SLM trying to complete Dickens
cat(generateText(
  seed = "It was the best of times, it was the worst of times, it was the age of wisdom, ",
  nChars2Generate = 300,
  temperature = 1
))

it was the best of times, it was the worst of times, it was the age of wisdom, he almost slipped to go in finging her. he could not, sonia told him luzhin. at hy had asked such out article. possible; all anything has nonsense’s stoutpers?” “ah, but yes, what do you may i saw become to overstand any other man. therefore if you does that he will be for can!” he said thirking aga

Yikes! Let’s ease up on the creativity.

SLM trying to complete Dickens, less creative
cat(generateText(
  seed = "It was the best of times, it was the worst of times, it was the age of wisdom, ",
  nChars2Generate = 300,
  temperature = 0.5
))

it was the best of times, it was the worst of times, it was the age of wisdom, but he was so streak of light to a benefical room and even to go out of the landlady of such on the word. i was all someone on the sound for the minutes…. but you mean?” “yes, i recognise your contral, i saw your day in the days. you understand the sofa, i am not looking at the providence, the mor

I think Dicken’s said it better: “it was the epoch of belief, it was the epoch of incredulity…”

Can this help me improve my LSTM?

A plea that ChatGPT would understand
cat(generateText(
  seed = "What advice would you give me for improving my LSTM model? ",
  nChars2Generate = 300,
  temperature = 0.4
))

what advice would you give me for improving my lstm model? i am very gentleman of kept-and more more contrary, and he is a suspicion of the same taken and all the part in the street street. “what are you to speak and to the door with a money of the street. he was so that one mother is not her to do it. i shall be such a time i did not dare to take you to th

4 Conclusion

Recurrent Neural Networks and their variants such as LSTMs provide a powerful framework for modeling sequential data. While RNNs are simpler and easier to understand, LSTMs are typically more effective for learning long-term dependencies thanks to their gated architecture.

If only we had 10 million laptops that we could all chain together and had rapid access to the universe of books, articles, github sites, then we might have something useful.

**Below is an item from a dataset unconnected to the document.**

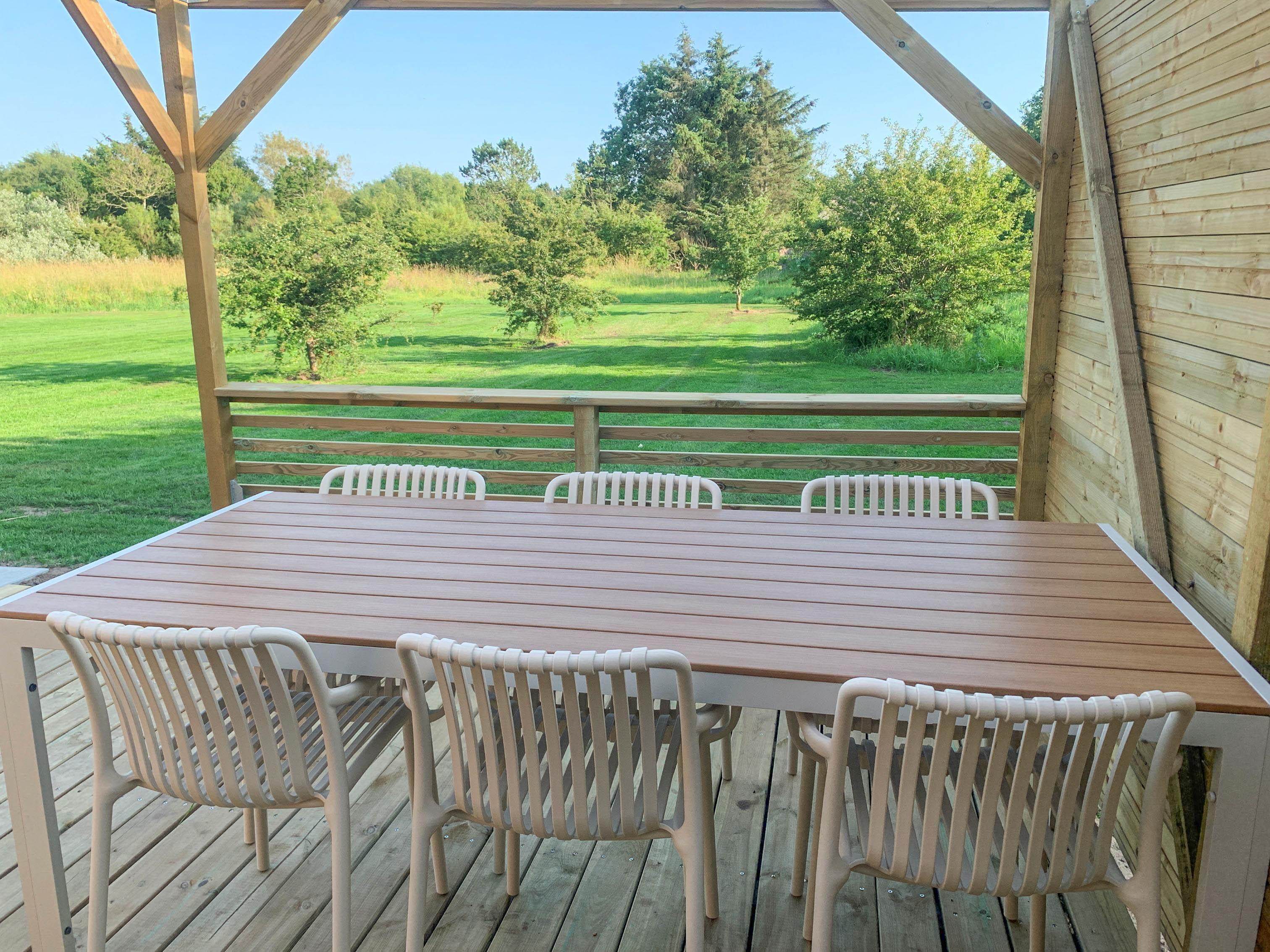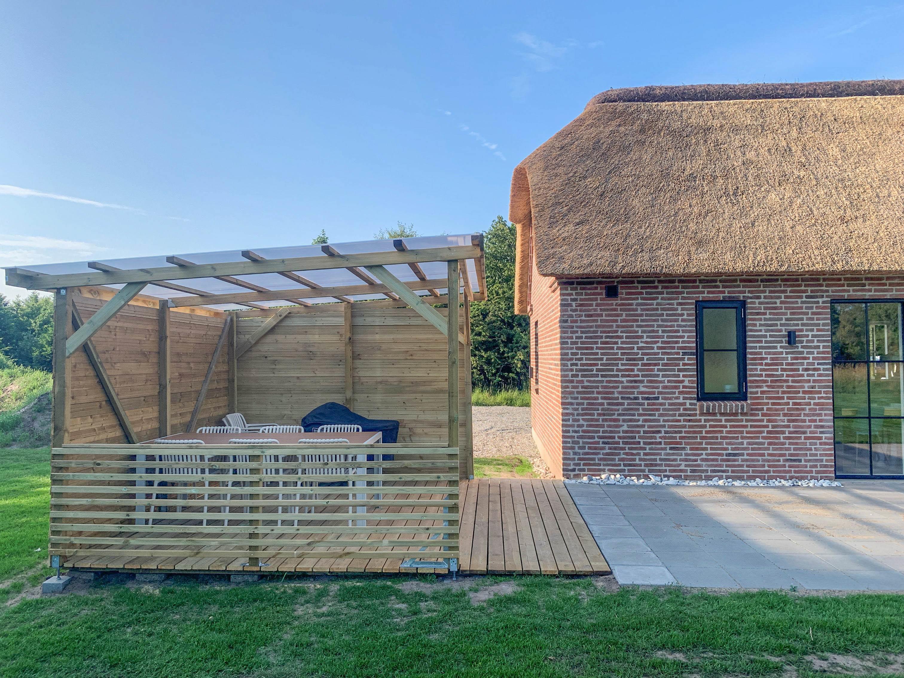 Draußen erwartet dich eine große Terrasse mit viel Sonne, Windschutz und Platz für die ganze Familie.

In spite of the gibberish, there is evidence that such models could potentially work. Even though we are only predicting one character at a time, we get many correct words. We get prepositional phrases. We get subject and verb compatibility. Frankly, I was rather surprised that with relatively few parameters the LSTM learns a few important parts of the English language. No doubt this is insufficient for any practical use, but I hope you see the direction this leads. We now know with more complex neural network designs and larger datasets, LLMs can be incredibly useful and powerful. The basics covered here give you the foundation for the next steps. Transformers have been the key for LLMs to become so effective. Surely, there are more architectures yet undiscovered that will make deep learning even more powerful.